Exploiting kindergarten material

By Yolande Deane
DELTA qualified EFL teacher with 5 years’ teaching experience

Exploiting kindergarten material

The situation

I am now teaching kindergarten in the north of China, which I am enjoying, but what I have had to get used to is teaching to quite a strict syllabus. In London I was teaching adults and I was given free reign as to when I taught my students, particular language points and for how long.  In kindergarten we spend a week teaching one learning point, for example, I may teach the letters J, K and L for one week along with actions and chants, or, we may just repeat a dialogue.
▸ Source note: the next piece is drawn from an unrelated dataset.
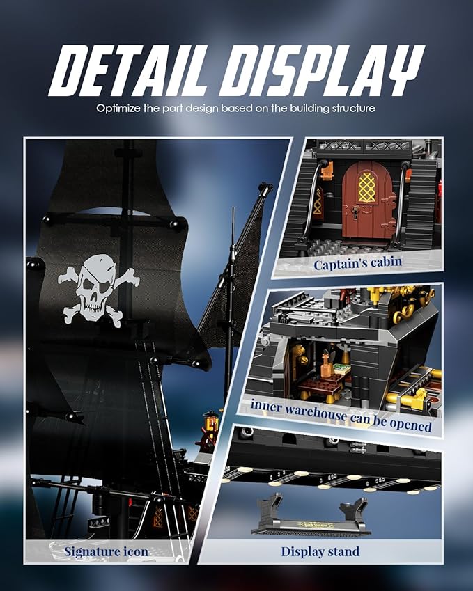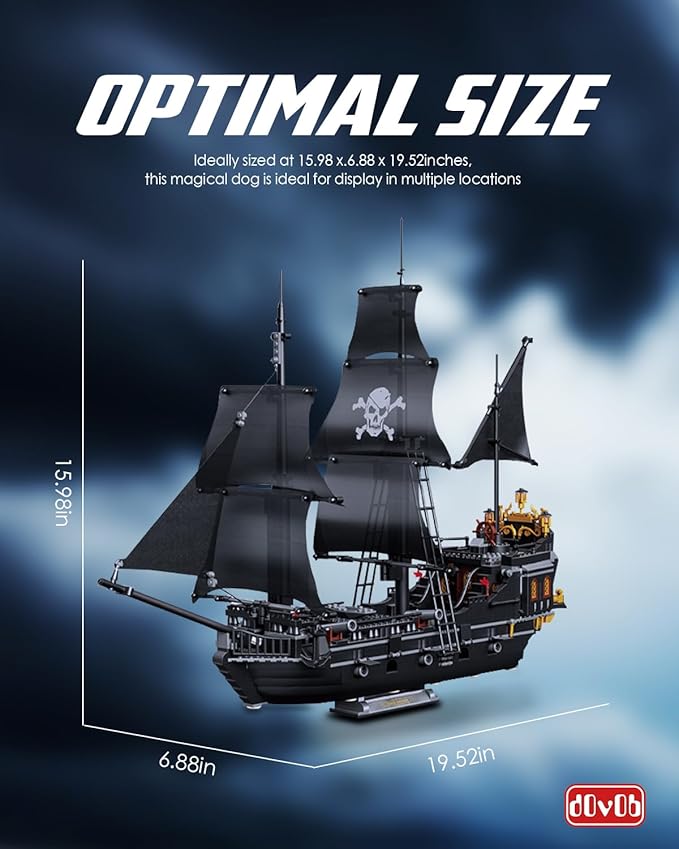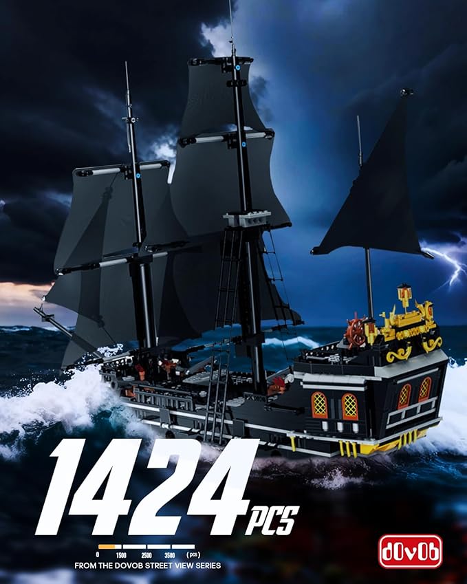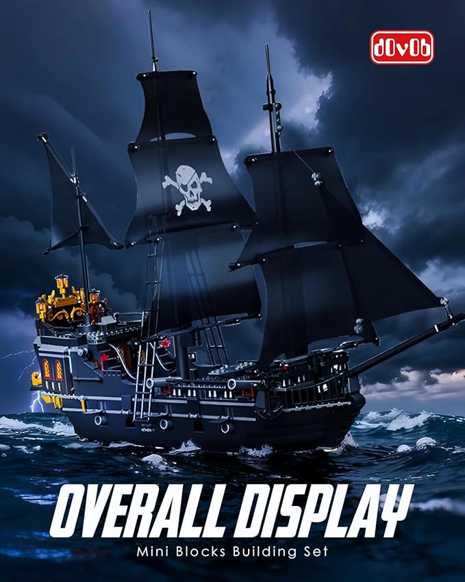 About This BUILDING SET: Impressive 1424-piece pirate ship construction set featuring detailed black vessel design with skull and crossbones flag... Read more

Squeezing out the last drop

Despite the high tolerance young learners have for repetition, there is still a want on my part to try and be more creative within these constraints.  I do not have easy access to printers or a laminating machine, all of which I am sure can be obtained in China, but when you are still finding your feet in a new country, it is not always obvious where you buy these things.

Luckily, I had armed myself with four different coloured permanent markers before I Ieft London for China. When I arrived in the town where I now teach,  I made sure I knew where I could buy a pack of printing paper, so, I can now make extremely simple flashcards.  I consolidate chants by copying the chants onto the paper and cutting them up, the children then put them in order, this adds some essential physical movement to the lesson. They are most likely just beginning to learn to read in their own language, so I do not expect them to necessarily start reading English, but with the constant repetition and pictures as clues, some of them begin to make connections and put them in the correct order.

If they have been learning certain letters of the alphabet I cut out the letters and stick them on card, hide one of them around the room and instruct one or two of the children to search for it. This can go on for a good five to ten minutes and they can become quite raucous while doing it.  Creating alphabet flashcards is another easy way I have found to exploit simple chants; I give out the letters and call out letters of the words that are in the chants we have learnt. This reinforces the words and pronunciation, it also breaks up the monotony of repetition. Teaching kindergarten with limited English language resources can be frustrating, and when you are expected to teach within a framework, which may not be very flexible, I have discovered that I have had to exploit the content to the maximum.